The Indonesian Government has enacted Law No. 16 of 2025 on the Fourth Amendment to Law No. 19 of 2003 on State-Owned Enterprises (“Fourth Amendment”). The initial Law No. 19 of 2003 established the basic structure for the management of State-Owned Enterprises (“SOE”) and positioned the Minister of SOEs in a dual role as both regulator and shareholder of SOEs. Earlier this year, through the third amendment of the SOE Law, the government introduced Daya Anagata Nusantara Investment Management Agency (“BPI Danantara”), separating the State's operational and investment functions, allowing professional management of strategic assets. The Fourth Amendment now completes this separation by designating SOE Regulatory Agency (Badan Pengaturan BUMN or “BP BUMN”) as the sole regulator and supervisor.
Key Changes
The Ministry of SOE has officially been transformed into BP BUMN, led by the Head of BP BUMN acting as the representative of the Central Government and the regulator of SOEs. BP BUMN is responsible for formulating, regulating, supervising, coordinating, and overseeing the implementation of SOE management policies.

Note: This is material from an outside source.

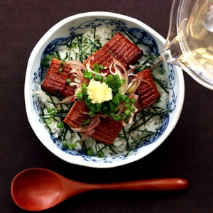 手順3にうな次郎をのせ残りのたれをかけ、万能ねぎの小口切りを散らしてできあがり。
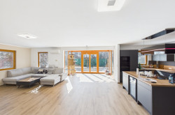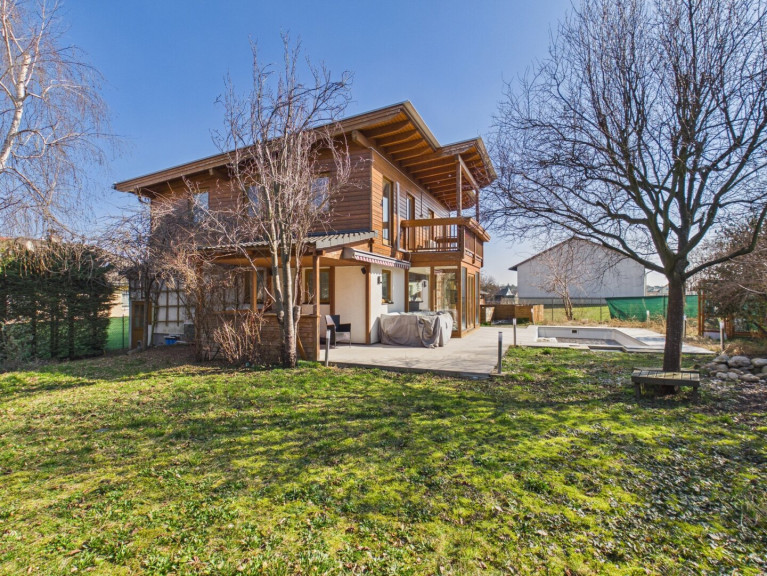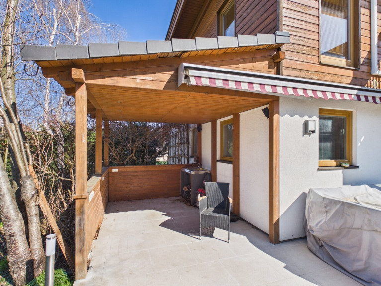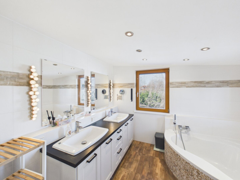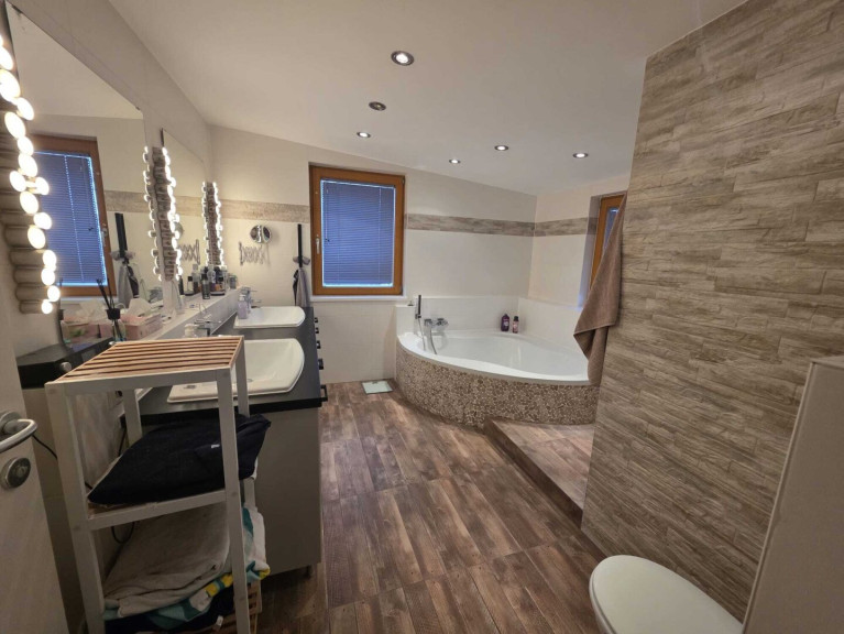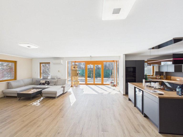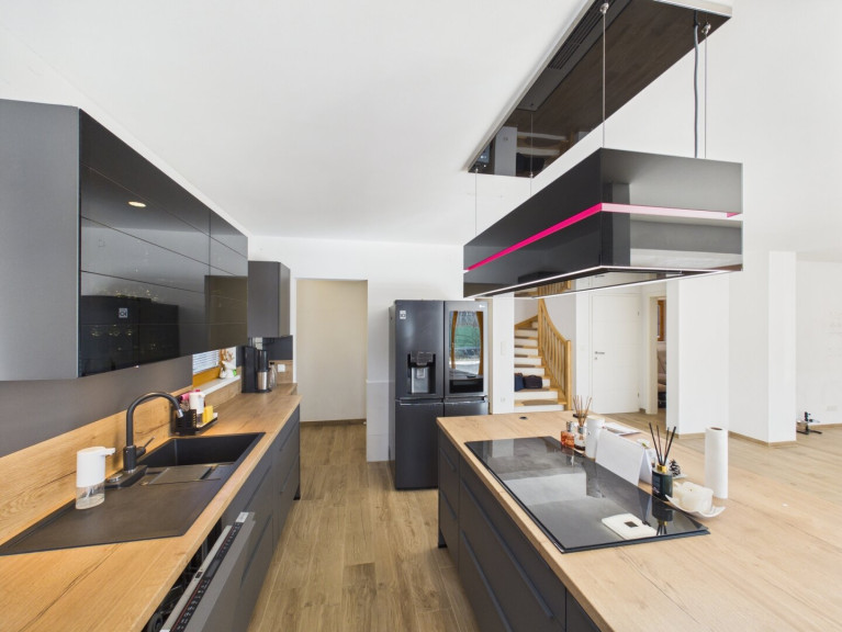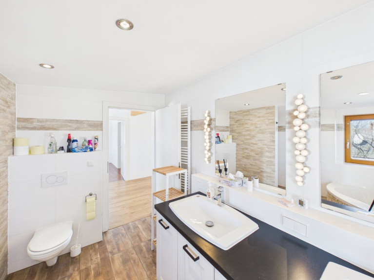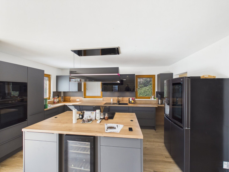 Betreten Sie das Haus und lassen Sie sich von der offenen Wohnküche begeistern, die den perfekten Ort für gesellige Abende mit Familie und Freunden bietet. Hier können Sie kulinarische Köstlichkeiten zaubern, während Sie den Blick auf den Garten genießen. Der großzügige Balkon und die einladende Terrasse laden dazu ein, die warmen Sonnenstrahlen zu genießen und die Seele baumeln zu lassen. Stellen Sie sich vor, wie Sie an lauen Sommerabenden im Freien entspannen oder im eigenen Swimmingpool eine erfrischende Abkühlung finden.

This institutional change addresses the long-standing issue of the Minister’s dual function by clearly separating the State’s roles into a dedicated regulator (BP BUMN) and an investment operator (BPI Danantara).
The Fourth Amendment maintains the change introduced by the third amendment of the SOE Law, which shifted from the earlier approach where the State held a single special Dwiwarna share to a standardized requirement that the State must hold 1% Series A Dwiwarna shares, ensuring a clear statutory minimum for State ownership. It further clarifies that this 1% is exercised through the Head of BP BUMN, while the remaining 99% Series B shares are held by BPI Danantara. Despite its small percentage, the Series A Dwiwarna share grants the State veto rights over strategic matters, including board appointments and dismissals, major corporate actions, and amendments to the Articles of Association, ensuring continued State control. In addition, dividends from this special share may now be managed directly by BP BUMN, subject to approval from the President, ensuring that their use remains aligned with aligned with national policy priorities and Presidential oversight.
The SOE Law reinforces good corporate governance in SOEs by ensuring greater independence and accountability. It prohibits Ministers and Vice Ministers from serving on SOE boards to prevent conflicts of interest and maintain a clear separation between regulatory and operational functions. It also removes the previous provision stating that SOE directors, commissioners, and supervisory board members are not state officials, reaffirming their legal accountability.
In addition, the amendment also opens the possibility for foreign nationals to serve as directors in State Share Companies (Perusahaan Perseroan or “Persero”). While the general rule still requires directors to be Indonesian citizens, BP BUMN is now allowed to waive this requirement to provide Persero with more flexibility when specific expertise is needed. This exemption applies only to Persero, and does not extend to Public Company (Perusahaan Umum) SOEs.
The Fourth Amendment also expands the Audit Board of Indonesia’s (Badan Pemeriksa Keuangan or “BPK”) authority over SOEs by placing SOEs within the State’s financial accountability framework. Previously, BPK could only audit SOEs for specific purposes and only when requested by the House of Representatives. Under the new provision, BPK may carry out audits based on its general mandate under the national state-finance framework and the applicable state audit standards, without requiring a request from the House of Representatives. This change enables BPK to conduct independent and regular financial audits of SOEs, ensuring stronger and more consistent oversight.
Conclusion
The SOE Law represents a major milestone in the reform of Indonesia’s SOE governance framework. By establishing BP BUMN, enhancing governance standards, and expanding BPK’s audit authority, the government seeks to strengthen institutional accountability and transparency within SOEs. These changes are expected to promote more professional management, reduce potential conflicts of interest, and align Indonesia’s SOE governance with international best practices.